I am delighted to announce the new Daniel Webster Program at Dartmouth College. Headed up by Dartmouth Government Professor James Murphy, the program will host lectures, conferences, and provide curriculum counseling for students seeking to study Western Civilization. The precise focus of the program reflects Jim’s particular interests–the continuity of thought from the Ancients to the Moderns.
This Friday the Webster Program will have its first “Janus Lecturer,” Anthony Kronman, who will lecture on his book “Education’s End.” I read Dean Kronman’s book back in the fall and found it to be a terrific and stimulating work. His chapter on the terrible influence of political correctness on education, and especially the humanities, is an especially valuable and original chapter.
I wish Professor Murphy and all those affiliated with the Webster Program all the best. This is a splendid undertaking and I am extremely pleased that it has come about. I wish that we had this when I was a student!
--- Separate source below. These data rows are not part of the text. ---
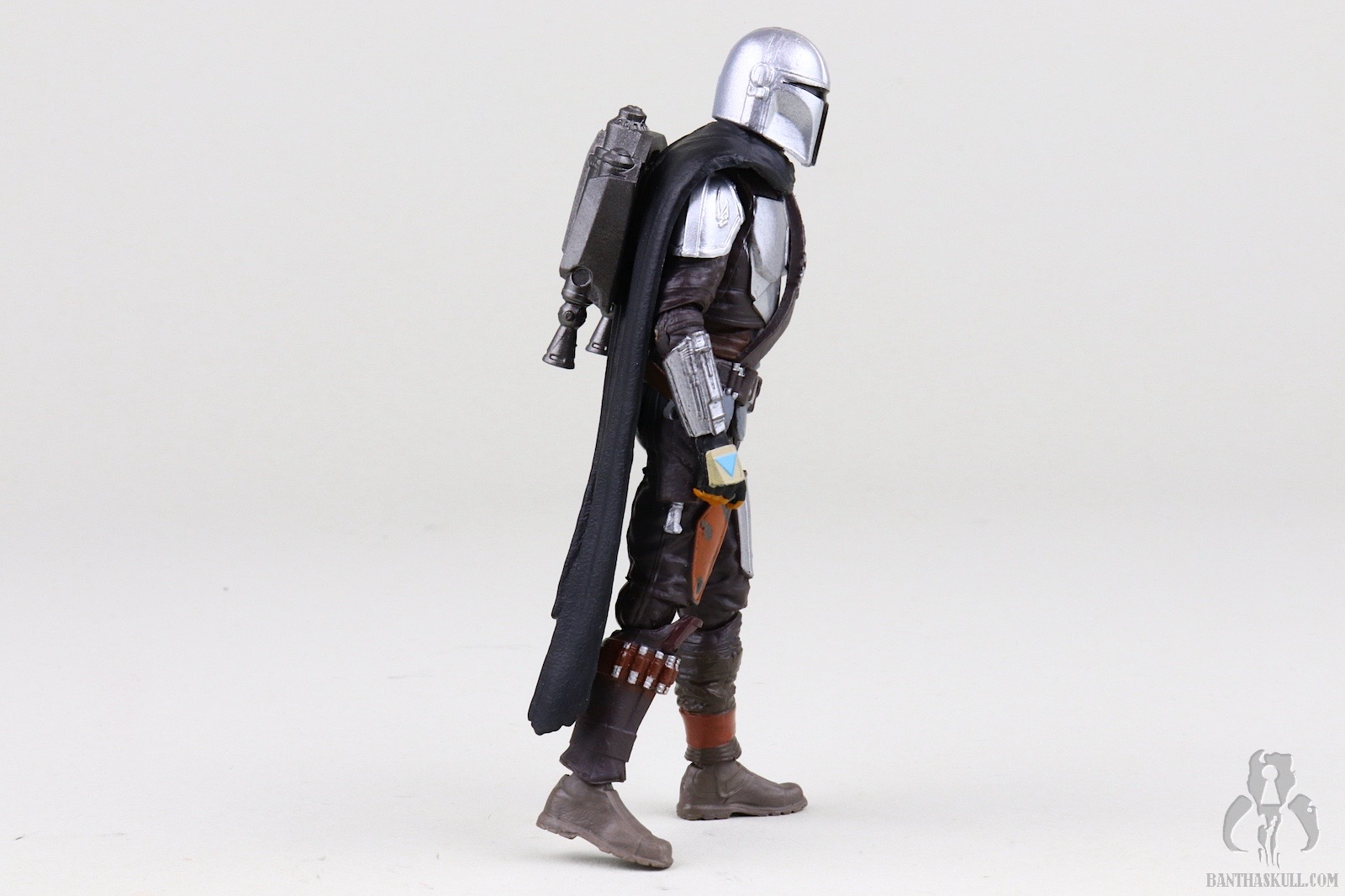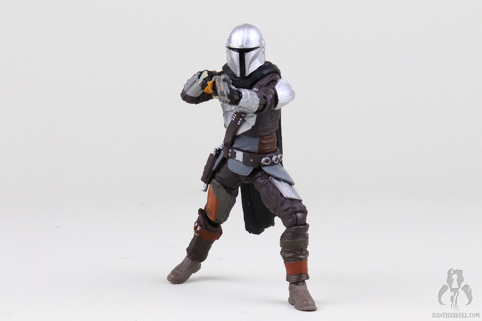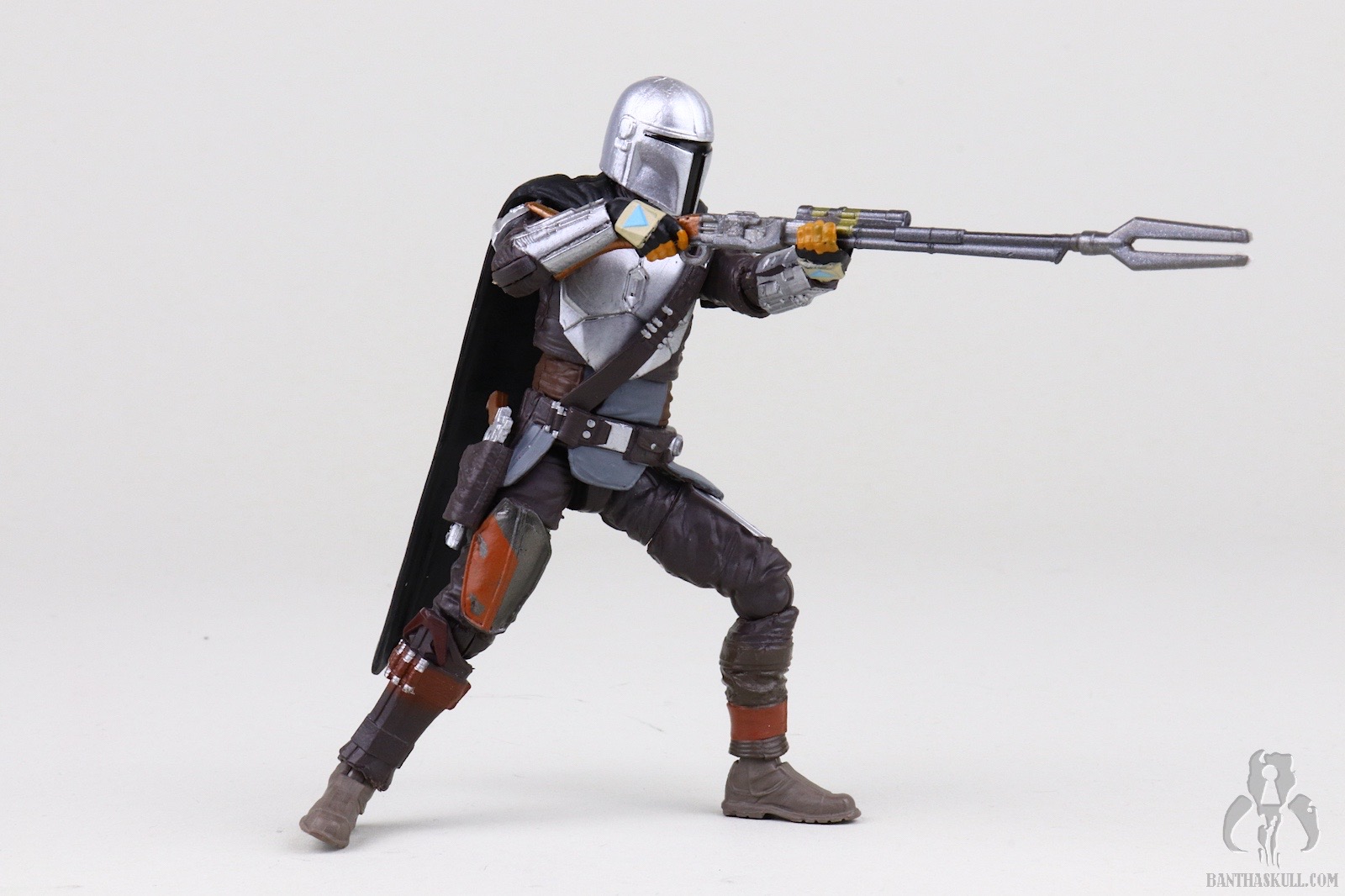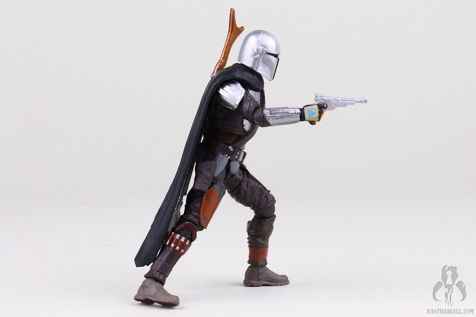 This does not mean the figure is perfect, despite the perfect score. I know that doesn’t make much sense, but neither did the Pontiac Aztek, and I don’t remember you getting all over GM’s case! Think of it as extra credit. This figure is objectively a 9 out of 10, but it gets a subjective extra credit point for how well it functions as a posable action figure. To that point, the plastic molded cape does not interfere nearly as much as it does on the aforementioned Moff Gideon figure. But there is another area that is mildly disappointing. I recently participated in a live chat on the Facebook Star Wars The Vintage Collection group. The subject of the return of rocker ankles to the 3.75” scale came up, and how it’s almost bittersweet. The reason being is that their return came just after the release of figures that could have desperately used them. One is the VC140 - Stormtrooper figure. The other is this Mandalorian sculpt (both VC166 and VC181). In certain action poses, we are forced to deploy the dreaded “kickstand” leg.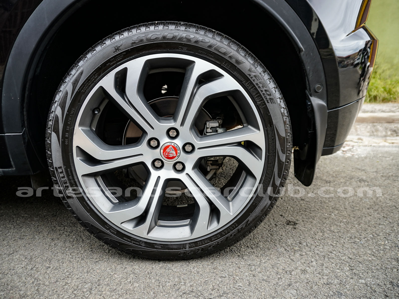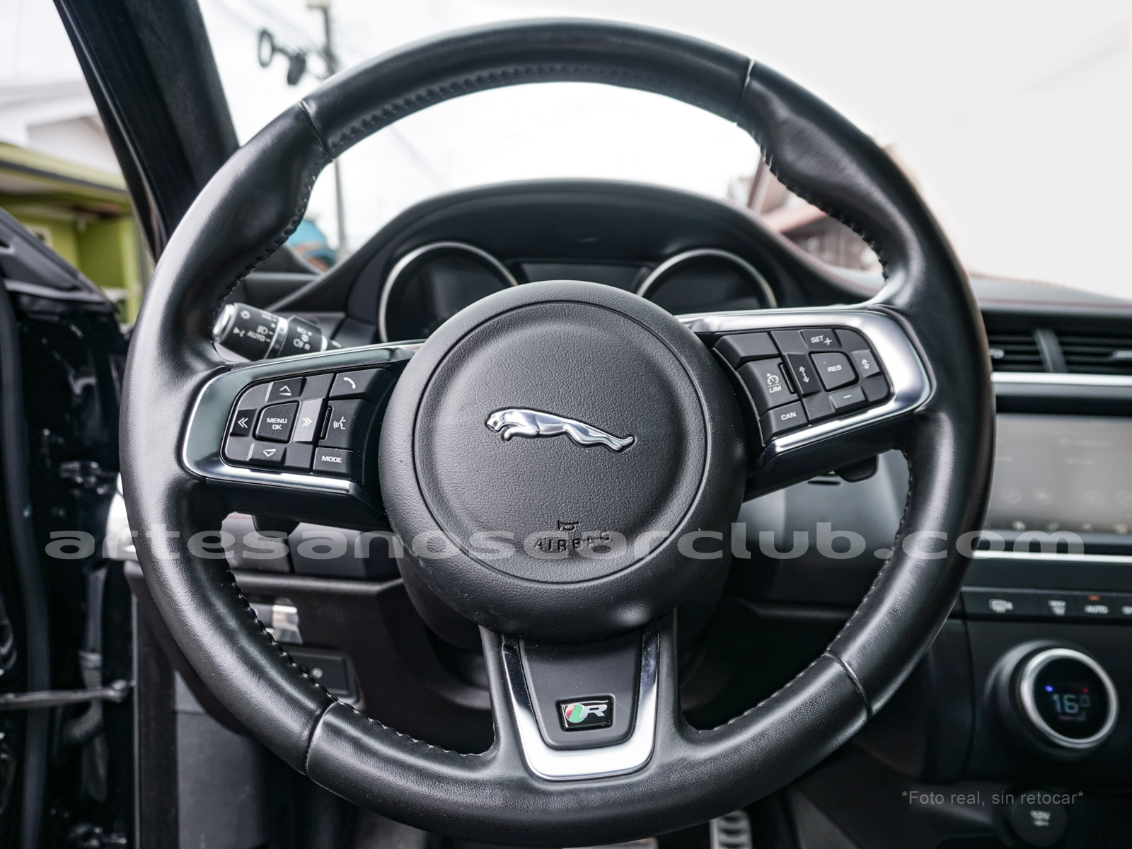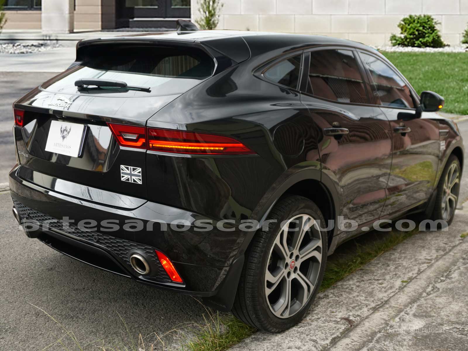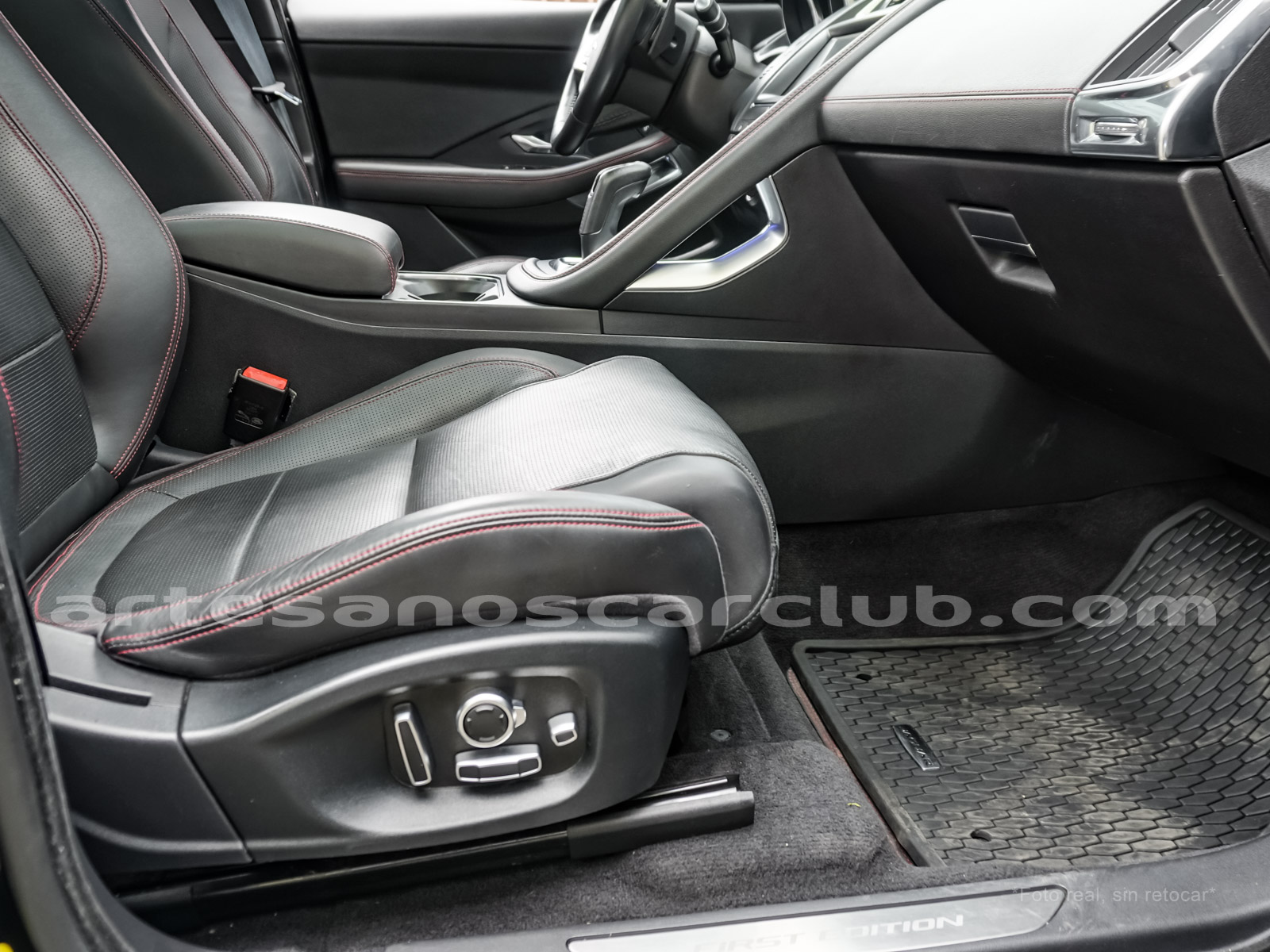 E PACE con paquete «R DYNAMIC»: Carrocería R-Dynamic (parachoques delantero único y rejilla delantera con acabado en negro brillante), Volante de cuero granulado y levas de cambio de marchas R-Dynamic, Tubos de escape dobles con acabados, Asientos de malla deportiva en Ebony con costuras de contraste, Faros antiniebla delanteros, Tomas de aire laterales en Satin Chrome, Rejilla en Gloss Black con contorno en Satin Chrome, Pedales de metal brillante, Revestimiento del techo en gamuza Ebony, recubrimiento de puertas en gamuza negra «Ebony».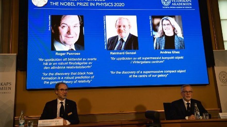 La mitad del premio recayó en Penrose, de 89 años, por demostrar "que la formación de un agujero negro es una predicción sólida de la teoría de la relatividad general" y la otra mitad del premio se la reparten Genzel, de 68, y Ghez, de 55, por descubrir "un objeto compacto y extremadamente pesado en el centro de nuestra galaxia", explicó el jurado.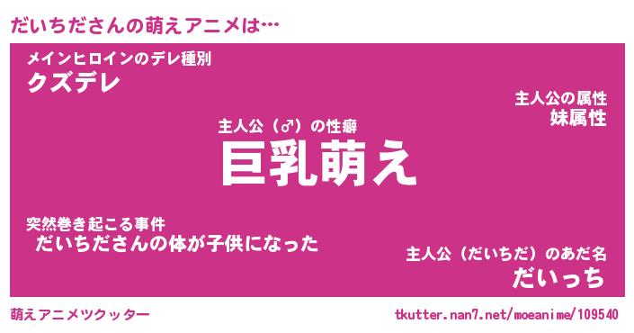 | 男性向けラノベタイトル風あだ名 | 『だいちだの憂鬱』 |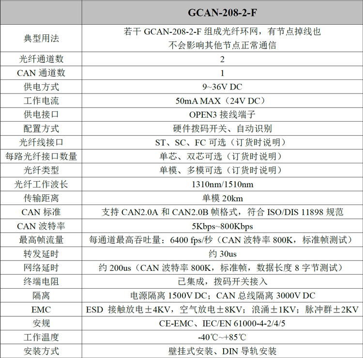 2)GCAN-208-2-F系列光纖支持CAN總線網(wǎng)絡(luò)的中繼擴(kuò)容,傳輸距離20km;支持不同波特率的CAN總線網(wǎng)絡(luò),CAN波特率支持5Kbps~800Kbps;支持CANopen、SAE J1939、DeviceNet、NMEA2000等任何CAN總線通信協(xié)議。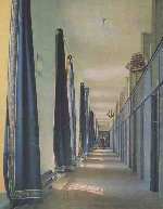 | Vue du dortoir des Rouges sur la Rue St Martin : les villageois tuent le cochon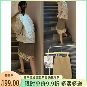 Hazel春上新!感重工钉珠法式复古风格拼接珠片半身裙A字裙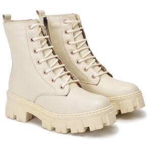 Coturno Feminino Tratorado de Couro Cano Médio Conforto - 34 - Branco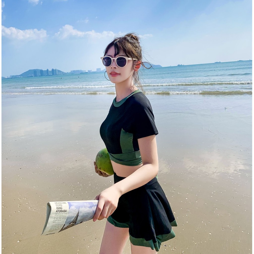 Bộ đồ bơi nữ bikini đi biển croptop cộc tay dáng váy kín đáo tôn dáng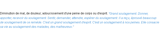 Signification parue en 2009 (source la-definition.fr).Merci à Dominique et émilien pour la numérisation du mot soulagement.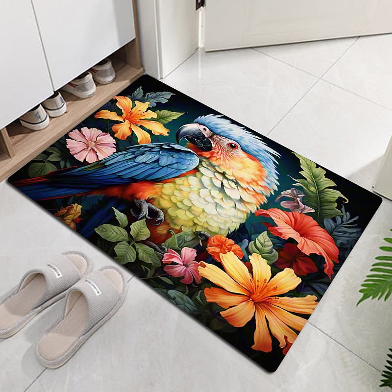 Nordic Style Flannel Flower and Bird Pattern Non-Slip Floor Mat Dustproof Carpet for Bedroom Bathroom Kitchen Foyer Entrance Living Room Home Decor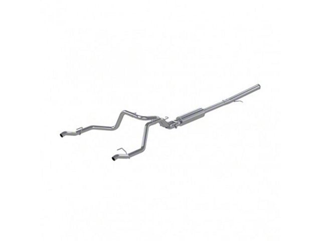 Armor Pro Cat Back Exhaust System; 2.5 in.; Incl. Front/Ext. Pipe/Muffler/Over Axle Pipes/Tailpipes/Hrdw; Dual Rear Exit; 304 Stainless Steel; Does Not Fit w/2 Piece Driveshafts; Uses Factory Bezels. Works only for trucks with Stock Dual System. Excludes 2WD Crew Cab 6.5' Box (2 PC Driveshaft).

When I was in college I didn’t have strong views on the value of a core curriculum (we didn’t have one, of course). After going to law school, however, I have become a believer in the value of some sort of core curriculum or common learning experience. In my opinion first year of law school is one of the most effective learning experiences that students can have in their educational career, and one reason is because the first year of law school is essentially a core curriculum. Students take all of the same classes and wrestle with all of the same new concepts. Equally important, this provides students with a common currency of concepts and educational challenges, such that the out of classroom experience reinforces the in-class experience. Students start finding themselves talking about cases and using concepts outside of their class time. One difficulty with upper-class learning in law school, I think, is that the curriculum quickly becomes fragmented such that students are no longer taking the same classes and being exposed to the same set of concepts.
I think that undergraduate education would similarly benefit from having some similar sort of common learning experience.